Sunday, August 14, 2011

Topological insulator question

I have a question, and I'm hoping one of my reader experts might be able to answer it for me.  Let me set the stage.  One reason 3d topological insulators are a hot topic these days is the idea that they have special 2d states that live at their surfaces.  These surface states are supposed to be "topologically protected" - in lay terms, this means that they are very robust; something deep about their character means that true back-scattering is forbidden.  What this means is, if an electron is in such a state traveling to the right, it is forbidden by symmetry for simple disorder (like a missing atom in the lattice) to scatter the electron into a state traveling to the left.  Now, these surface states are also supposed to have some unusual properties when particle positions are swapped around.  These unconventional statistics are supposed to be of great potential use for quantum computation.  Of course, to do any experiments that are sensitive to these statistics, one needs to do quantum interference measurements using these states.   The lore goes that since the states are topologically protected and therefore robust, this should be not too bad.

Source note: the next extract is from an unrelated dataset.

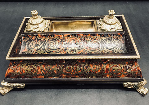 17th Century Belgian Gothic tapestry depicting the Four Seasons, after the painting by Charles Le Brun; Coromandel 10’ high, 12 panel screen; German Bracket Clock; Tiffany Tall Clock with 3 weights; Early American hooked figural rug, 18th Century; Three cushion tuxedo sofa covered in green velvet Scalamandre; Library stand on wheels; English calendar tall clock with original brass dial by R. Jackson, Hexam, early 18C; English mahogany cased barometer by Channe, Regency 1800-1830; Versace, Porthault, Pratisi & E. Braun fine table & lap linens; Jan Barboglio six piece buffet servers; Civil War Era “Hat” bathtub; Marbleized Papiro desk sets; 12 sets of long, Mark Hampton designed draperies in the finest of fabrics; Faux bamboo twin bed set with matching bamboo chest & mirror, signed; Faux bamboo shelves; Collection of Antique Inkwells; Collection of Antique doorstops; Tea boxes, Brass candlesticks; Garden statuary; Antique Carnival hammer; Antique Whimsical Bronze standing lamp with Rooster foot & Salamander base; Brown Jordan patio & poolside furniture; Vintage Victorian style wrought iron patio furniture; Garden Statuary; Turned wood hat pin holders; Leather bound books; English Tantalus with 3 matching ABC bottles with all original brasses; English Mahogany tea caddy, inlaid with maple; Thai Spirit House; Red Graniteware; Vast array of Tabletop Event & Entertaining sets, dishes, utensils; Selection of Folk Art Santas, Nativity scenes; Chanel Sunglasses; Sailors' Valentines;

Here's my question.  While topological protection suppresses 180 degree backscattering, it does not suppress (as far as I can tell) small angle scattering, and in the case of quantum decoherence, it's the small angle scattering that actually dominates.  It looks to me like the coherence of these surface states shouldn't necessarily be any better than that in conventional materials.  Am I wrong about this?  If so, how?  I've now seen multiple papers in the literature (here, here, and here, for example) that show weak antilocalization physics at work in such materials.  In the last one in particular, it looks like the coherence lengths in these systems (a few hundred nanometers at 1 K) are not even as good as what one would see in a conventional metal film (e.g., high purity Ag or Au) at the same temperatures.  That doesn't seem too protected or robust to me....  I know that the situation is likely to be much more exciting if superconductivity is induced in these systems.  Are the normal state coherence properties just not that important?